5. De kosten hebben betrekking op door een derde beroepsmatig verleende rechtsbijstand in de procedure bij de rechtbank en komen ingevolge het bepaalde in artikel 1, eerste lid, aanhef en onder a, van het Besluit voor vergoeding in aanmerking. Deze kosten zijn ingevolge het Besluit € 525 in verband met de beroepen (1 punt voor de beroepschriften, wegingsfactor 1). De rechtbank is daarbij van oordeel dat sprake is van samenhangende zaken met procedure HAA 20/1295 als bedoeld in artikel 3 van het Besluit. De aan eiser toegekende proceskostenvergoeding bedraagt daarom de helft van dit bedrag, derhalve € 262,50.
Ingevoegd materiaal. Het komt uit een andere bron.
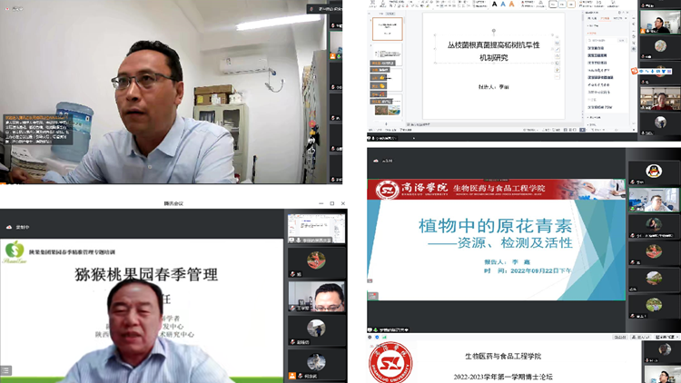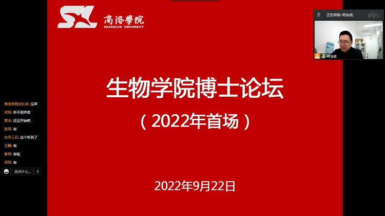 9月22日,生物醫藥與食品工程學院博士論壇2022年首場學術交流活動在云端順利舉行。本次論壇特邀我院2位客座教授——西北大學博士生導師趙桂仿,陜西省農村科技開發中心、陜西省獼猴桃工程技術研究中心主任雷玉山研究員蒞臨云端全程指導。生物學院院長王學軍出席論壇活動。生物學院全體教師及部分畢業班學生在線上參加論壇。論壇由副院長何念武主持。
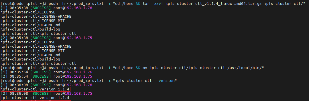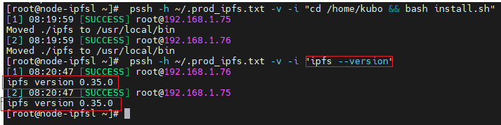 [root@node-ipfsl ~]# pssh -h ~/.prod_ipfs.txt -v -i "cd /home/kubo && bash install.sh"

6. Op grond van artikel 8:41, zevende lid, van de Awb dient het door eiser betaalde griffierecht van € 48 te worden vergoed door verweerder.
BeslissingDe rechtbank veroordeelt verweerder in de proceskosten tot een bedrag van € 262,50
Deze uitspraak is gedaan door mr. M.C. van As, rechter, in aanwezigheid van N. Joacim, griffier. Deze uitspraak is gedaan op 30 oktober 2020.
Als gevolg van maatregelen rondom het coronavirus is deze uitspraak niet uitgesproken op een openbare uitsprakenzitting. Zodra het openbaar uitspreken weer mogelijk is, wordt deze uitspraak, voor zover nodig, alsnog in het openbaar uitgesproken.
griffier rechter
Afschrift verzonden op:

Rechtsmiddel

Tegen deze uitspraak kan binnen zes weken na de dag van verzending daarvan hoger beroep worden ingesteld bij het gerechtshof te Amsterdam.